Here are some key issues to keep an eye on:
What's new: If you pay your bills on time, the interest rate on your existing balance cannot be raised.
Pay attention: Notice I said "existing balance." If you, in fact, miss a payment, the interest rate on new, unpaid balances that occur after the misstep can indeed be raised.
What's new: The rate on a new card can't be raised for the first 12 months. But after that, it is fair game for the issuer to raise it as long as you are given 45 days notice. (The higher rate would not apply to existing balances, only new, unpaid balances.)
Pay attention: If you are ever 60 days late with a payment, the credit card issuer can raise your rate regardless of how new a client you are. That said, if you then make on-time payments for six months, you will be eligible to have your lower rate reinstated.
What's new: Your monthly statement will now include an estimate of how long it will take you to pay off the balance if you opt to make only the minimum payment due and the amount of interest you will owe over that stretch. It will also show you an estimate of how much you would have to pay each month to get the balance paid off in three years.
Pay attention: Anyone with an unpaid balance should tape this to their mirror and stare at the numbers at least once a day. This is not punishment; it is motivation. Many of you with balances of $10,000 that charge 15 percent, 18 percent or more will see it can take decades to pay off the balance if you only pay the minimum, and your total cost can be nearly triple your current balance.
What's new: Your payments will now be used to pay off your highest-rate debt first. In the past, the credit card companies liked to apply your monthly payments to the lowest-rate debt and let your most costly unpaid balances keep mushrooming. Congress, thankfully, has put the kibosh on that ridiculous treatment.

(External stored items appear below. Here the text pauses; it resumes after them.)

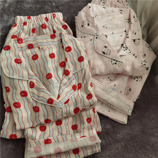 纯棉双层纱布薄款数印清新唯美风甜美女生睡衣家居服春夏长袖长裤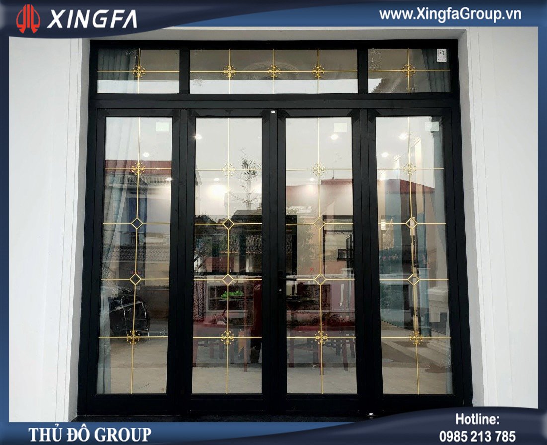 Mẫu cửa đi mở quay 4 cánh nhôm Xingfa sử dụng kính hộp 2 lớp cách âm cách nhiệt, chống nóng chống ồn, an toàn 6,38-9-6,38mm có nan trang trí mạ đồng bên trong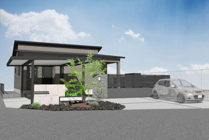 お庭は隣地側と南側を目隠しフェンスでしっかり囲いプライベートな空間を確保しました。カーポートは玄関前に設置するので雨の日も濡れずに行き来でき、利便性を追求しております。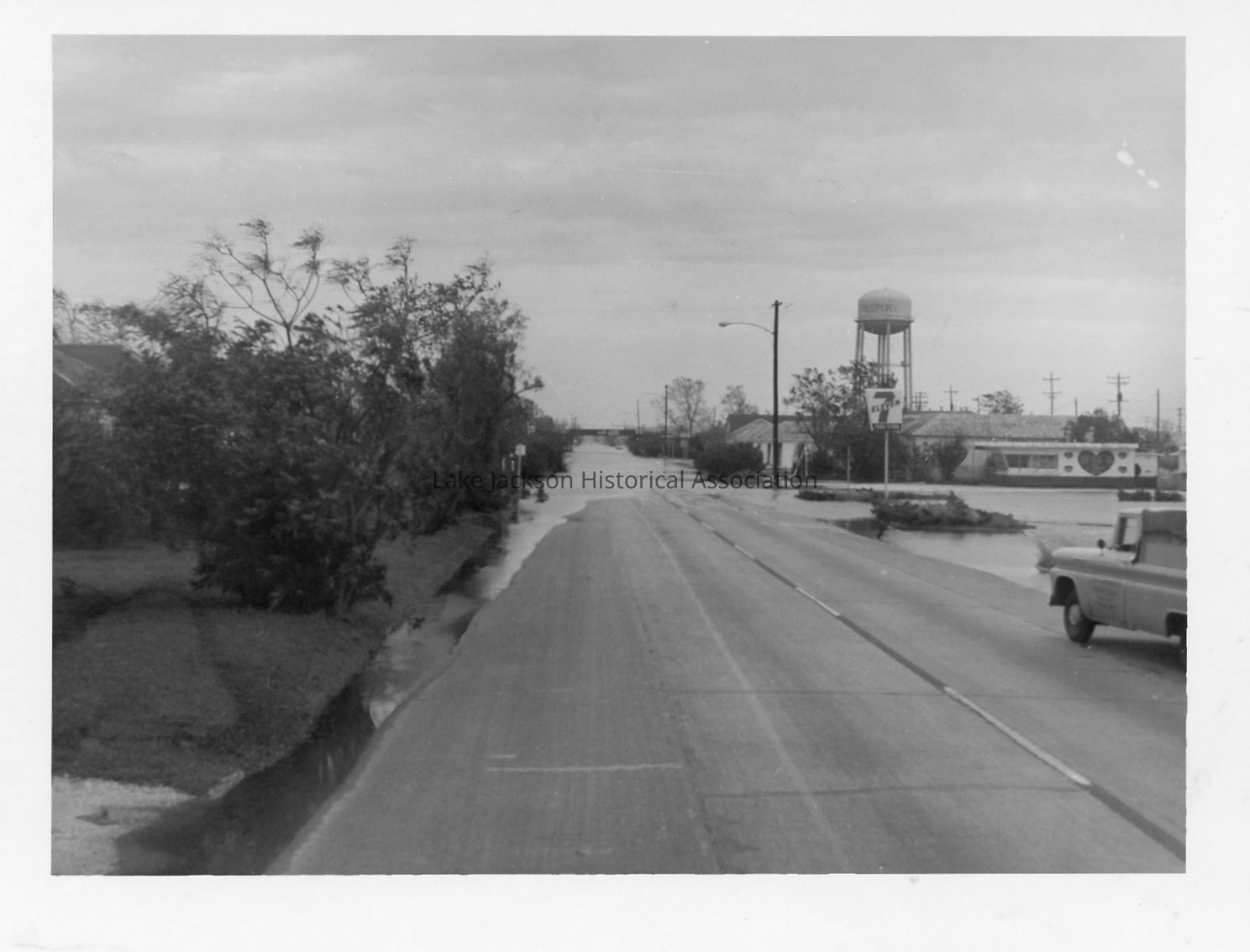 Black and white photo of Main Street in Freeport, Texas.Collection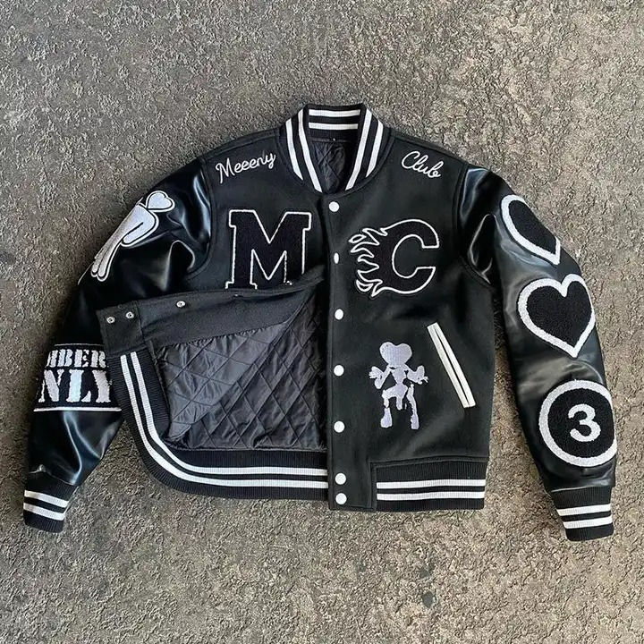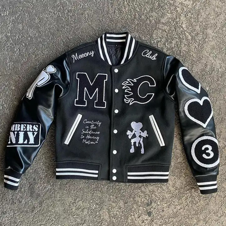 Veste universitaire en satin de haute qualité à logo personnalisé veste Letterman à broderie lourde pour hommes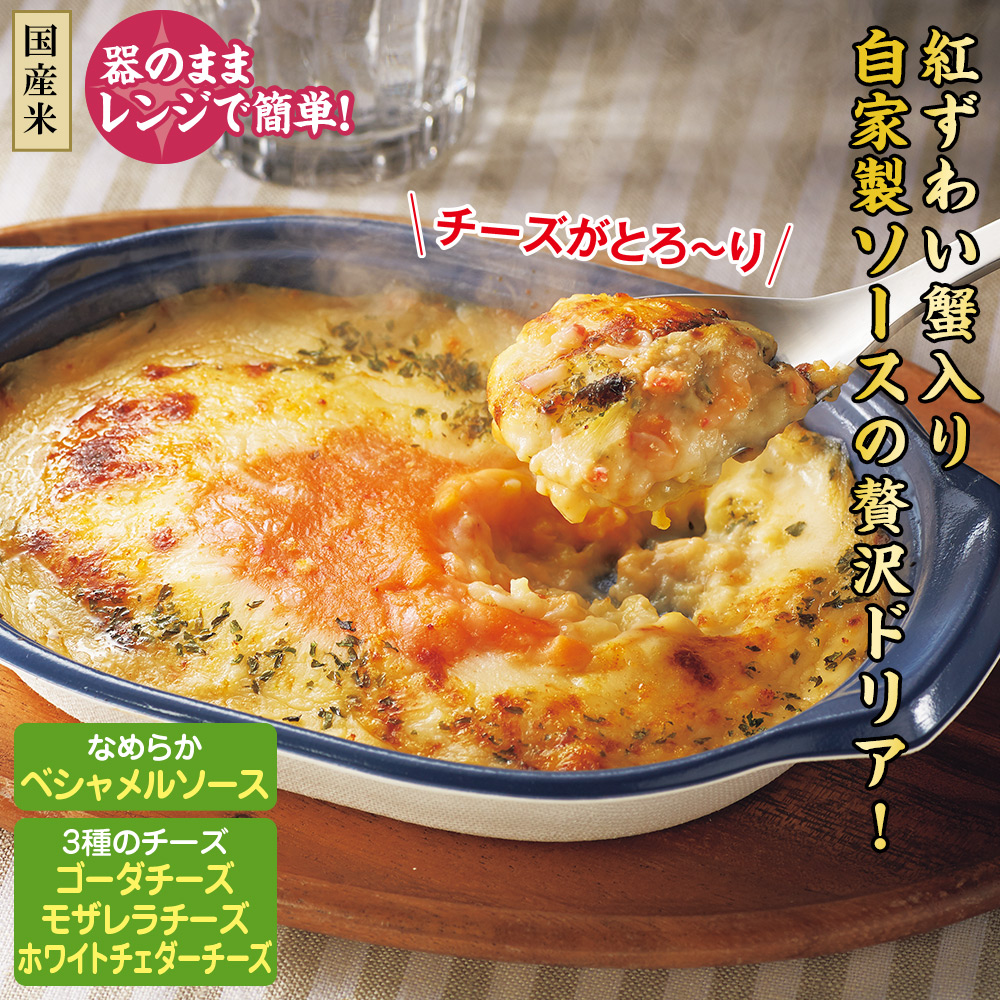 紅ずわい蟹入り自家製ソースの贅沢ドリア! 玉葱やパプリカ、チキンコンソメを加えたライスに、こだわりの紅ずわい蟹入りソースをトッピング。 旨味が広がります。 器のままレンジで簡単! チーズがとろ~り。 なめらか ベシャメルソース 3種のチーズ ゴーダチーズ モザレラチーズ ホワイトチェダーチーズ

Pay attention: While this sounds like a great change, the reality is that if you have high-rate balances you are in bad shape, period. My advice is that if you are paying more than 18 percent on any debt, check out whether you can qualify for a balance transfer to a card issued by a credit union. By law, credit unions cannot charge more than 18 percent interest, and in fact many charge less. Bank credit cards have interest rates of 30 percent or more. Go to CreditCardConnection.org to search for good credit unions cards near you.